Next, the trabecular structures were compared using µCT slice images. CT slice images showed a typical trabecular structure between roots in all groups, although only the CB-MSC group showed remarkable trabecular tissue outside the roots (Fig. 3A–D). The value of Tb.N in the tooth and collagen groups was significantly higher than that in the CB-MSC group (p < 0.05) (Fig. 3E). There was no significant difference in Tb.Th among the groups (Fig. 3F). The values of Tb.Sp and Tb.Spac in the tooth and collagen groups were significantly smaller than those in the CB-MSC group (p < 0.05) (Fig. 3G, H). Fractal dimension, SMI, and TbPf showed no significant differences among the groups (Fig. 3I–K).

Fig. 3.

Fig. 3

Analyses of the trabecular structure using micro-computed tomography (µCT) slice and 3D images A–D µCT slice images of the four groups. E Comparison of trabecular number (Tb.N) among the four groups. Tb.N in the tooth and collagen groups was significantly higher than that in the CB-MSC group. F Comparison of Tb.Th among the four groups. G Comparison of trabecular separation (Tb.Sp) among the four groups. Tb.Sp in the tooth and collagen groups was significantly lower than that in the CB-MSC group. H Comparison of trabecular spacing (Tb.Spac) among the four groups. Tb.Spac in the tooth and collagen groups was significantly smaller than that in the CB-MSC group. I Comparison of fractal dimensions among the four groups. J Comparison of structure model index (SMI) among the four groups. K Comparison of trabecular bone pattern factor (TBPf) among the four groups. Coll: Collagen group. * p < 0.05

Histological and immunohistochemical analyses

HE staining revealed the formation of new bone (NB) mainly in the root furcation area in all groups (Fig. 4A-D); this was confirmed when the photomicrographs were observed at larger magnification (Fig. 4A-D). Interestingly, formation of NB, distant from the tooth, was observed only in the CB-MSC group (Fig. 4D, yellow arrow), and the newly formed bones and roots were not connected and divided by connective tissue (Fig. 4A-D).
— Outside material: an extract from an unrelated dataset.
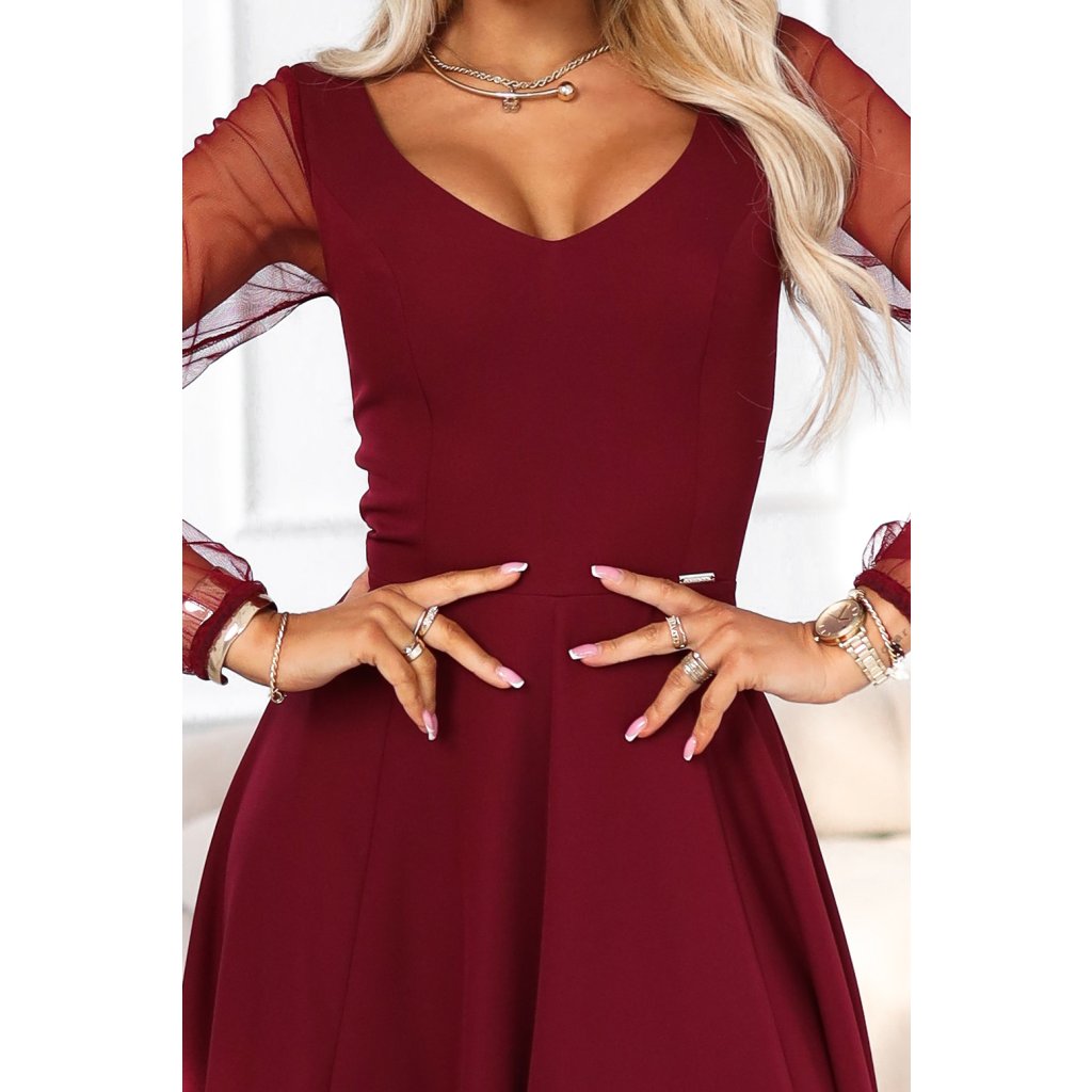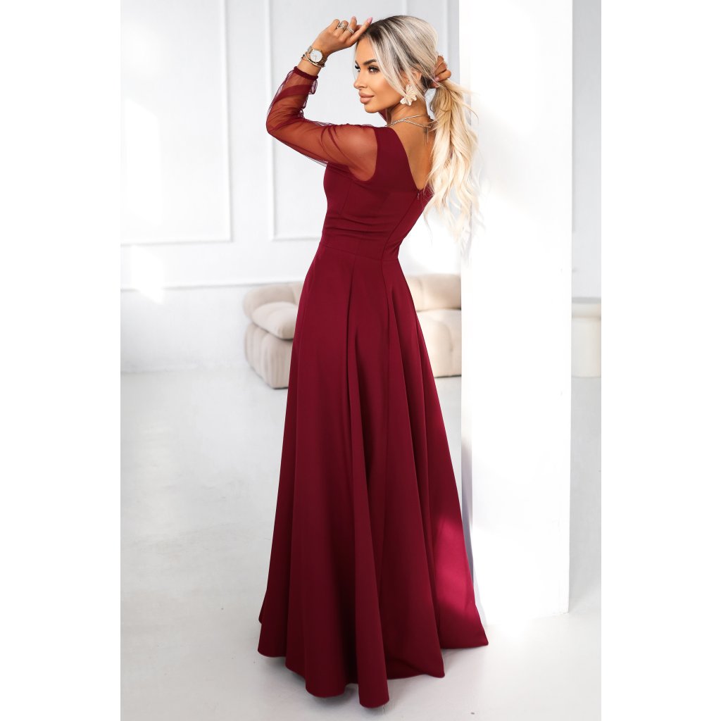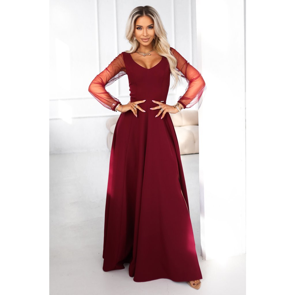 Numoco LORETTA unikátní dlouhé šaty s tylovými rukávy a výstřihem - vínové 640-1

Outside the roots, connective tissue was also found around the root surface (Fig. 4A-D). In the CB-MSC group, newly formed bones were also observed outside the roots, and were divided by connective tissue (Fig. 4D).

Fig. 4.

Fig. 4

Histological and immunohistochemical analyses A–D Representative hematoxylin–eosin (H-E)-stained sections from the four groups. Low-magnification images of the entire samples are shown. Squares indicate the areas for higher magnification photomicrographs. Yellow arrow indicates the formation of NB distant from the tooth (D). A–D Higher magnification photomicrographs of the furcation area in the four groups. New bone formation was observed in this area in all four groups. A–D Higher magnification photomicrographs of the area outside the roots from the four groups. Remarkable new bone formation outside the roots was observed only in samples from the CB-MSC group. E–H Immunohistochemical staining of Sp7 in the area adjacent to newly formed bone in the four groups. Sp7-positive cells were observed in areas around the newly formed bones. E–H Immunohistochemical staining of Sp7 outside the roots in the four groups. Sp7-positive cells were observed in the periodontal tissue outside the roots, even in samples without new bone formation. NB: New bone; De: Dentin. Scale bars: 500 µm (A-D, upper), 100 µm (A-D, middle, lower EH)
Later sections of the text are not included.